Mechanism of NCX1-mediated calcium ions influx in podocyte injury

  Background  The glomerular filtration barrier is composed of podocytes and slit diaphragm. Under pathological condition, the structure of slit diaphragm has been damaged during podocytes injury, resulting in changes in glomerular filtration function and proteinuria. As a Ca²⁺ channel, sodium-calcium exchanger 1 (NCX1) plays an important role in regulating calcium homeostasis and maintaining cell structure.

  Objective  To confirm the role of NCX1 in podocyte injury and analyze a new mechanism of proteinuria.
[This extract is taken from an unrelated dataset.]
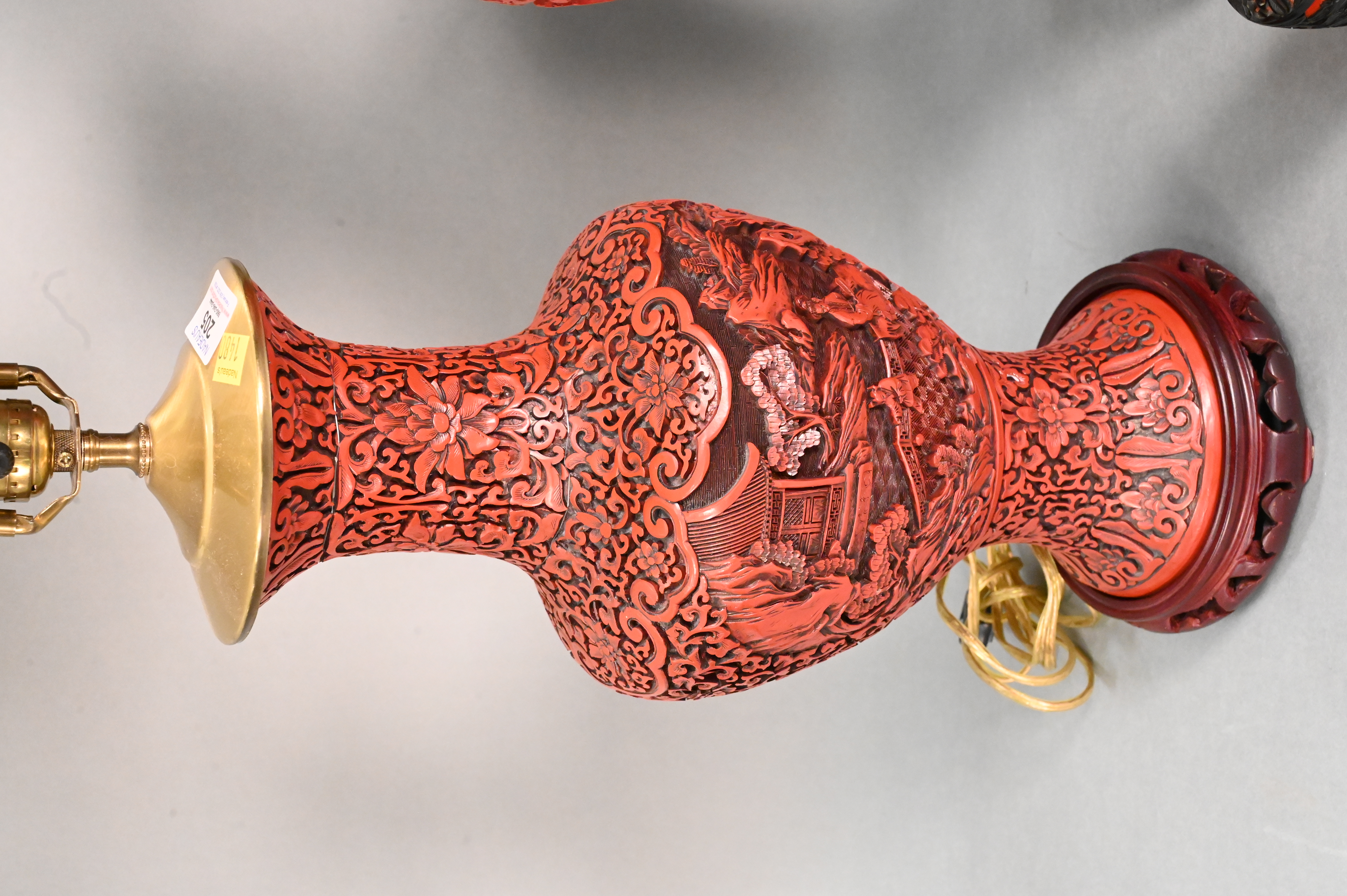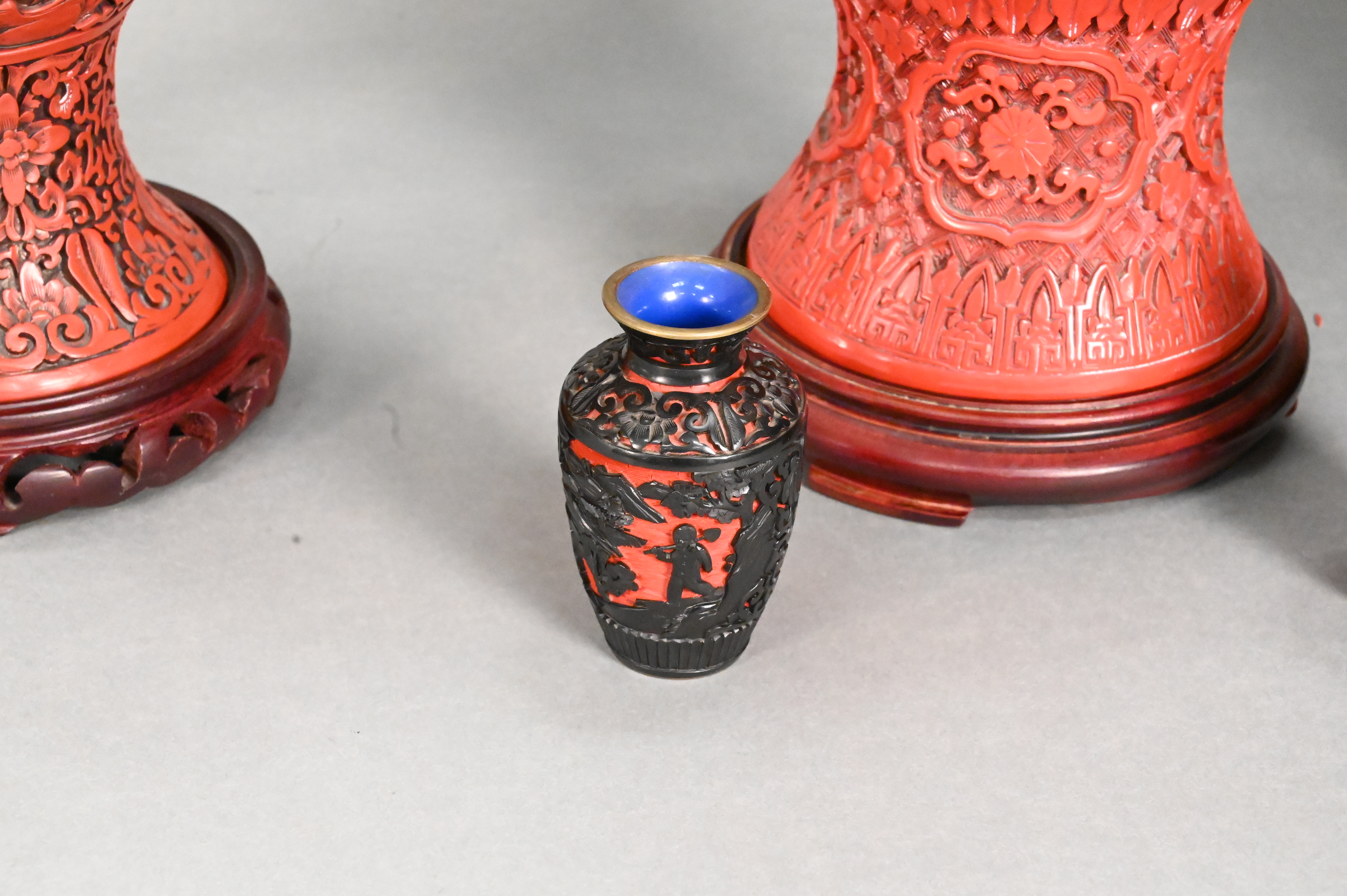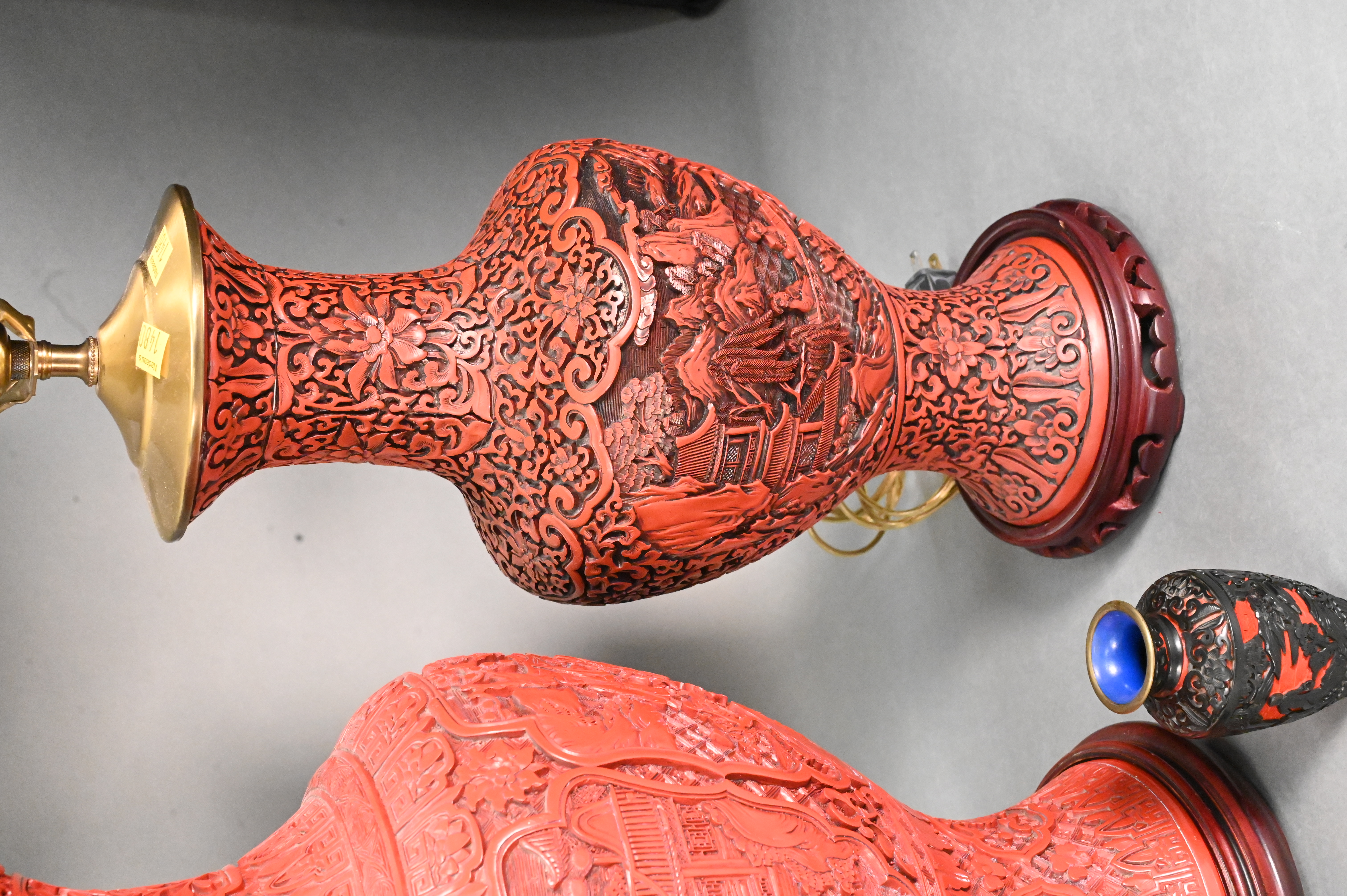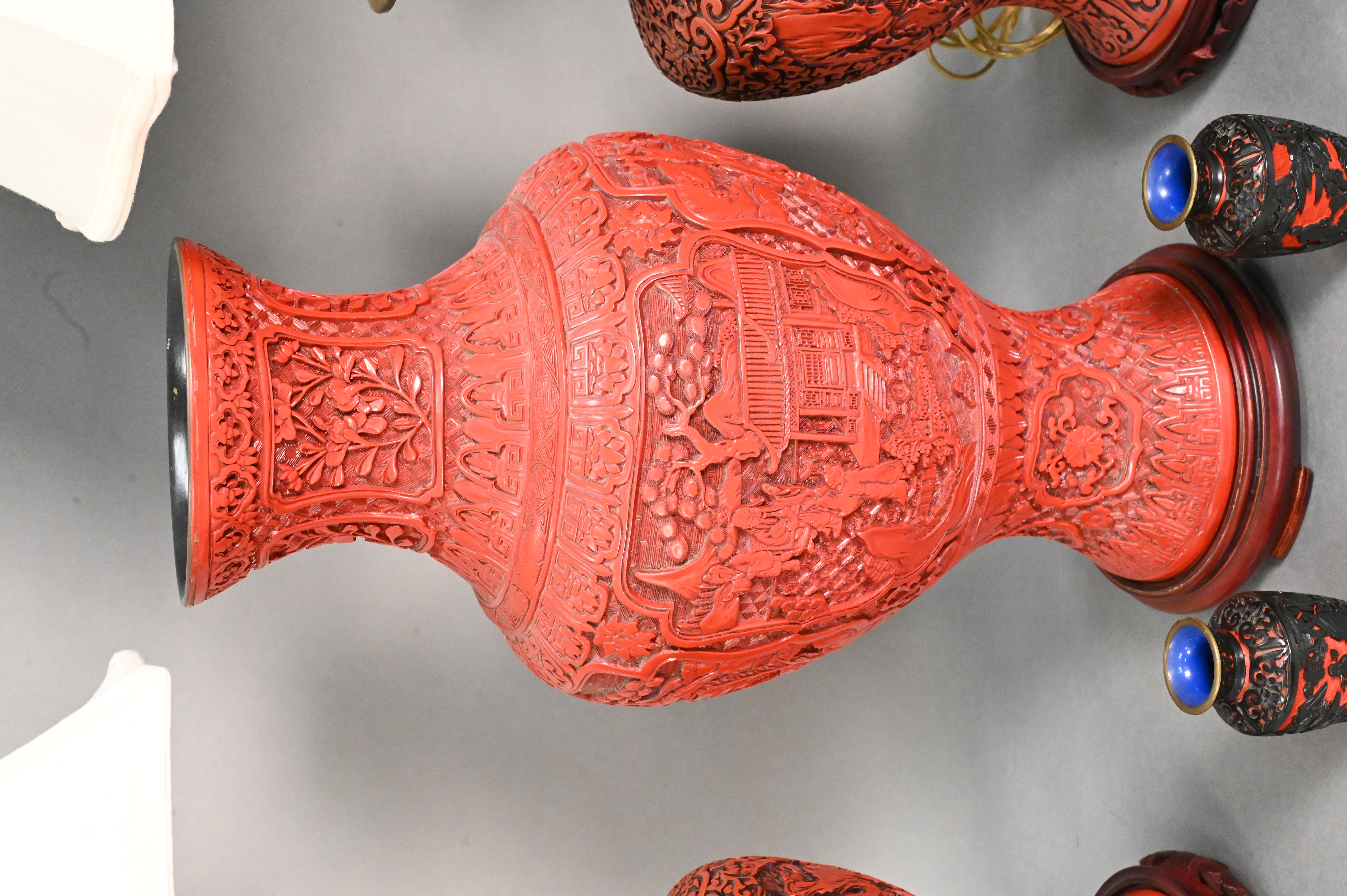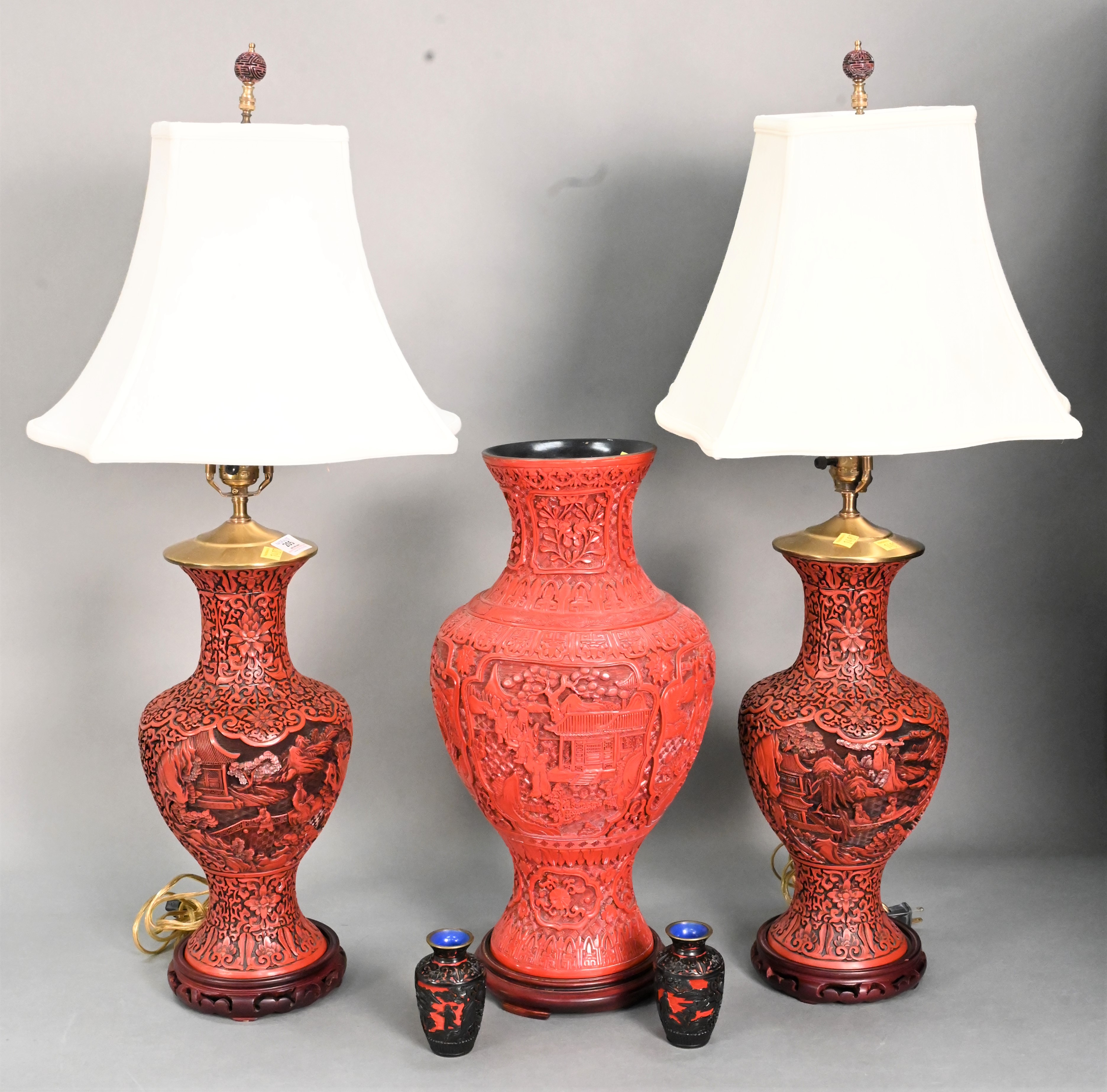 Five Large Cinnabar Vases, to include two having landscape scene, made into lamps, total height 33 inches, a pair of cinnabar bud vases, height 4 inches, along with a red lacquer having panels, height 18 inches.

  Methods  A Passive Hyman Nephritis (PHN) rat model was established and the expression of NCX1 was detected in the animal model. Mouse podocytes were cultured and a complement injured podocyte model was established. The intracellular Ca²⁺ level of podocytes was detected with a Ca²⁺ fluorescence probe fluo-3. Immunofluorescence was used to confirm the changes of podocyte injury and cytoskeleton structure rearrangement and the downstream signaling pathway proteins were analyzed by Western blot. NCX1 reverse mode inhibitor KB-R7943 was applied to the complement injured podocyte model to observe whether the podocytes injury was effectively reduced.

  Results  NCX1 expression in PHN rat model decreased gradually with time and reached the minimum level at 21 d. Meanwhile, in complement injured podocytes we also found the decreased expression of NCX1. The concentration of Ca²⁺ increased significantly, and the protein expression of RhoA, ROCK1 and ROCK2 also increased. NCX1 reverse mode was activated to promote Ca²⁺ influx and RhoA/ROCK signaling pathway was activated. The expression of podocyte markers Nephrin and Synaptopodin decreased with F-actin rearragement. The podocytes injury could be significantly reduced by KB-R7943.

  Conclusion  NCX1 regulates calcium influx to active RhoA/ROCK signaling pathway mediated podocyte injury with cytoskeleton structure rearragement, thus leading to proteinuria.